:: WHAT IS NEEDED ::
The data below is to be transcribed word for word; pictures are to be excluded.

:: INFORMATION SUPPLIED ::
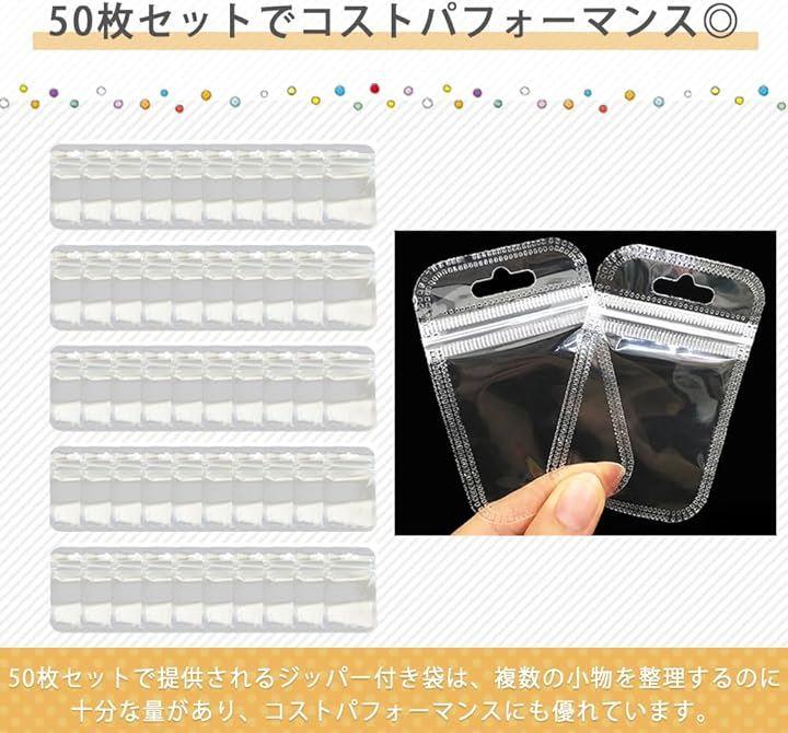 「50枚セットでコストパフォーマンス」50枚セットで提供されるジッパー付き袋は、複数の小物を整理するのに十分な量があり、コストパフォーマンスにも優れています。
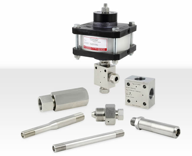 Maximator offers a complete line of pneumatic actuated high pressure needle valves, fittings, tubing, check valves, adapters and couplings as well as accessories for High Pressure Applications up to 217,000 psi(15,000 bar).
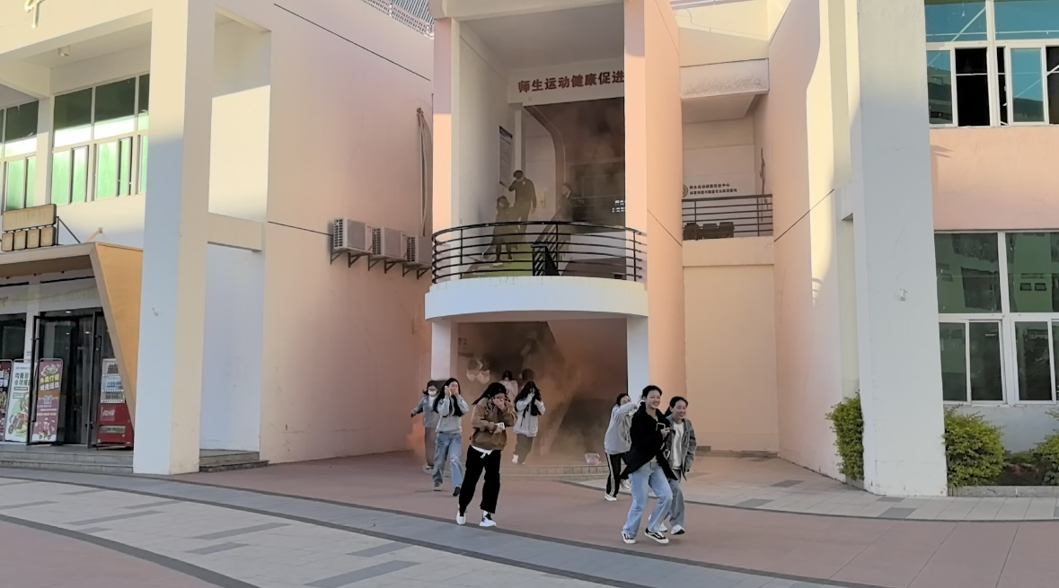 應急逃生演練(消防、地震)前,由安全工作處黃興宇副處長講授介紹滅火器使用注意事項和應急逃生演練疏散路線,提醒廣大師生聽從指揮、有序撤離,防止出現(xiàn)推搡、踩踏事故;各位置工作人員提前到崗,認真履責,確保撤離安全有序。演練開始,演練工作組接到演練指令后,模擬燃放煙霧,工作人員迅速組織學生依次從二樓師生運動健康促進中心撤出,按照指定路線,分別有序從樓梯通道內(nèi)側撤離,做到彎腰、捂口鼻、迅速有序,到仁心食堂門口的空地集合并清點人數(shù)。
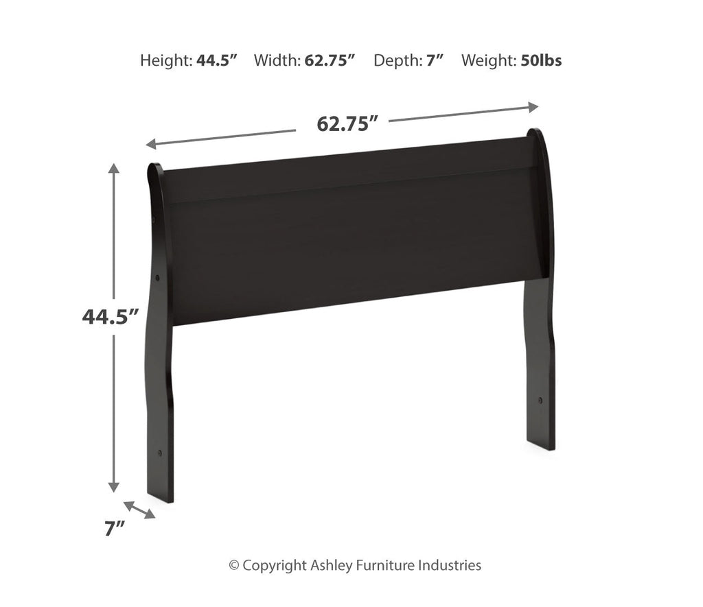 - Full sleigh headboard : 0" : 55.67" W x 7.09" D x 44.49" H
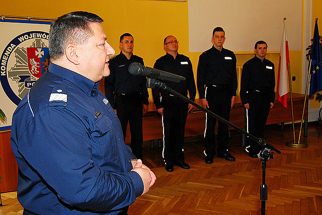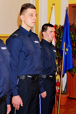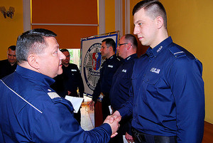 Obu policjantów uhonorował też naczelnik Wydziału w Rzeszowie Biura Spraw Wewnętrznych KGP młodszy inspektor Ryszard Jemioło. Z jego rąk policjanci otrzymali pamiątkowe tablice z tytułem "Uczciwością odważni". Ten honorowy tytuł jest oznaką uznania dla wzorowej postawy w służbie.
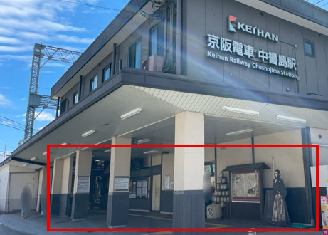 改札を出て赤枠の場所でお待ちください。点呼を取って船着き場へ向かいます。

:: COMPLETED EXERCISE ::
 「50枚セットでコストパフォーマンス」50枚セットで提供されるジッパー付き袋は、複数の小物を整理するのに十分な量があり、コストパフォーマンスにも優れています。
 Maximator offers a complete line of pneumatic actuated high pressure needle valves, fittings, tubing, check valves, adapters and couplings as well as accessories for High Pressure Applications up to 217,000 psi(15,000 bar).
 應急逃生演練(消防、地震)前,由安全工作處黃興宇副處長講授介紹滅火器使用注意事項和應急逃生演練疏散路線,提醒廣大師生聽從指揮、有序撤離,防止出現(xiàn)推搡、踩踏事故;各位置工作人員提前到崗,認真履責,確保撤離安全有序。演練開始,演練工作組接到演練指令后,模擬燃放煙霧,工作人員迅速組織學生依次從二樓師生運動健康促進中心撤出,按照指定路線,分別有序從樓梯通道內(nèi)側撤離,做到彎腰、捂口鼻、迅速有序,到仁心食堂門口的空地集合并清點人數(shù)。
 - Full sleigh headboard : 0" : 55.67" W x 7.09" D x 44.49" H
 Obu policjantów uhonorował też naczelnik Wydziału w Rzeszowie Biura Spraw Wewnętrznych KGP młodszy inspektor Ryszard Jemioło. Z jego rąk policjanci otrzymali pamiątkowe tablice z tytułem "Uczciwością odważni". Ten honorowy tytuł jest oznaką uznania dla wzorowej postawy w służbie.
 改札を出て赤枠の場所でお待ちください。点呼を取って船着き場へ向かいます。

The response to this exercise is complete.